**Task requirements**
Return each line of the material verbatim.

**Working data**
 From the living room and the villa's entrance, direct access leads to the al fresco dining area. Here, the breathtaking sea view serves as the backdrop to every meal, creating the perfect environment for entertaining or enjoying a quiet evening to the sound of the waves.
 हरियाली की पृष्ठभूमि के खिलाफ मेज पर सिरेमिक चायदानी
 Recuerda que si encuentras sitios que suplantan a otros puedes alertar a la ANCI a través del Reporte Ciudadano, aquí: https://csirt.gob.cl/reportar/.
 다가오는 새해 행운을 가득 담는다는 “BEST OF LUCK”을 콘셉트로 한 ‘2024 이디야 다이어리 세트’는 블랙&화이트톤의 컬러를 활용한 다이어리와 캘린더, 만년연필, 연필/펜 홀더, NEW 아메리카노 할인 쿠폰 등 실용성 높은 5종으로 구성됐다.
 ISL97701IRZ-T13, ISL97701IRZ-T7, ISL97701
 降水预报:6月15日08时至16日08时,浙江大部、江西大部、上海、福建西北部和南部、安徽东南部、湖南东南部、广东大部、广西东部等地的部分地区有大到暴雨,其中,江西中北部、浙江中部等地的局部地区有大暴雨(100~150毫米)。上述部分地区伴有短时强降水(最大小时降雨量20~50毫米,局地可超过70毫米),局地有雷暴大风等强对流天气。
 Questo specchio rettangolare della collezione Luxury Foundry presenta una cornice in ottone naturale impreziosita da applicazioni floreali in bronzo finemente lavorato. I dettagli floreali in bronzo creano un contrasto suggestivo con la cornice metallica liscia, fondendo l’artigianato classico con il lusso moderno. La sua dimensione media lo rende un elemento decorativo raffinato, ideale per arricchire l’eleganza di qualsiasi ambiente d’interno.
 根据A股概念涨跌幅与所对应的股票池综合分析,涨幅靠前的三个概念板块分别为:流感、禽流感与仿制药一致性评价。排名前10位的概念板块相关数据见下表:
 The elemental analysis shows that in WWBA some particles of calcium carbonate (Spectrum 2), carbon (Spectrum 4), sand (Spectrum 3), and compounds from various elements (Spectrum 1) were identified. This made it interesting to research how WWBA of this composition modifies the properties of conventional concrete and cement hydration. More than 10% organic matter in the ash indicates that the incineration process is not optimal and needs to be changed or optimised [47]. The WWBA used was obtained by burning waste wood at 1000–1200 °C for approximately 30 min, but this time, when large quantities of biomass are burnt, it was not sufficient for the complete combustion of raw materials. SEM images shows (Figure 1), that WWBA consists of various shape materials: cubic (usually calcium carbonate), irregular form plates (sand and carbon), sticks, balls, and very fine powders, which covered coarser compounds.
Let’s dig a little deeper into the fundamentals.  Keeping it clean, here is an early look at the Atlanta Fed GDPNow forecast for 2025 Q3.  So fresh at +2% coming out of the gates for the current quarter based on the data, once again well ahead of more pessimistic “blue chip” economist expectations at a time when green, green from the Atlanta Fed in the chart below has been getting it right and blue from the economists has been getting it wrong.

**Answer box**
 From the living room and the villa's entrance, direct access leads to the al fresco dining area. Here, the breathtaking sea view serves as the backdrop to every meal, creating the perfect environment for entertaining or enjoying a quiet evening to the sound of the waves.
 हरियाली की पृष्ठभूमि के खिलाफ मेज पर सिरेमिक चायदानी
 Recuerda que si encuentras sitios que suplantan a otros puedes alertar a la ANCI a través del Reporte Ciudadano, aquí: https://csirt.gob.cl/reportar/.
 다가오는 새해 행운을 가득 담는다는 “BEST OF LUCK”을 콘셉트로 한 ‘2024 이디야 다이어리 세트’는 블랙&화이트톤의 컬러를 활용한 다이어리와 캘린더, 만년연필, 연필/펜 홀더, NEW 아메리카노 할인 쿠폰 등 실용성 높은 5종으로 구성됐다.
 ISL97701IRZ-T13, ISL97701IRZ-T7, ISL97701
 降水预报:6月15日08时至16日08时,浙江大部、江西大部、上海、福建西北部和南部、安徽东南部、湖南东南部、广东大部、广西东部等地的部分地区有大到暴雨,其中,江西中北部、浙江中部等地的局部地区有大暴雨(100~150毫米)。上述部分地区伴有短时强降水(最大小时降雨量20~50毫米,局地可超过70毫米),局地有雷暴大风等强对流天气。
 Questo specchio rettangolare della collezione Luxury Foundry presenta una cornice in ottone naturale impreziosita da applicazioni floreali in bronzo finemente lavorato. I dettagli floreali in bronzo creano un contrasto suggestivo con la cornice metallica liscia, fondendo l’artigianato classico con il lusso moderno. La sua dimensione media lo rende un elemento decorativo raffinato, ideale per arricchire l’eleganza di qualsiasi ambiente d’interno.
 根据A股概念涨跌幅与所对应的股票池综合分析,涨幅靠前的三个概念板块分别为:流感、禽流感与仿制药一致性评价。排名前10位的概念板块相关数据见下表:
 The elemental analysis shows that in WWBA some particles of calcium carbonate (Spectrum 2), carbon (Spectrum 4), sand (Spectrum 3), and compounds from various elements (Spectrum 1) were identified. This made it interesting to research how WWBA of this composition modifies the properties of conventional concrete and cement hydration. More than 10% organic matter in the ash indicates that the incineration process is not optimal and needs to be changed or optimised [47]. The WWBA used was obtained by burning waste wood at 1000–1200 °C for approximately 30 min, but this time, when large quantities of biomass are burnt, it was not sufficient for the complete combustion of raw materials. SEM images shows (Figure 1), that WWBA consists of various shape materials: cubic (usually calcium carbonate), irregular form plates (sand and carbon), sticks, balls, and very fine powders, which covered coarser compounds.
Let’s dig a little deeper into the fundamentals.  Keeping it clean, here is an early look at the Atlanta Fed GDPNow forecast for 2025 Q3.  So fresh at +2% coming out of the gates for the current quarter based on the data, once again well ahead of more pessimistic “blue chip” economist expectations at a time when green, green from the Atlanta Fed in the chart below has been getting it right and blue from the economists has been getting it wrong.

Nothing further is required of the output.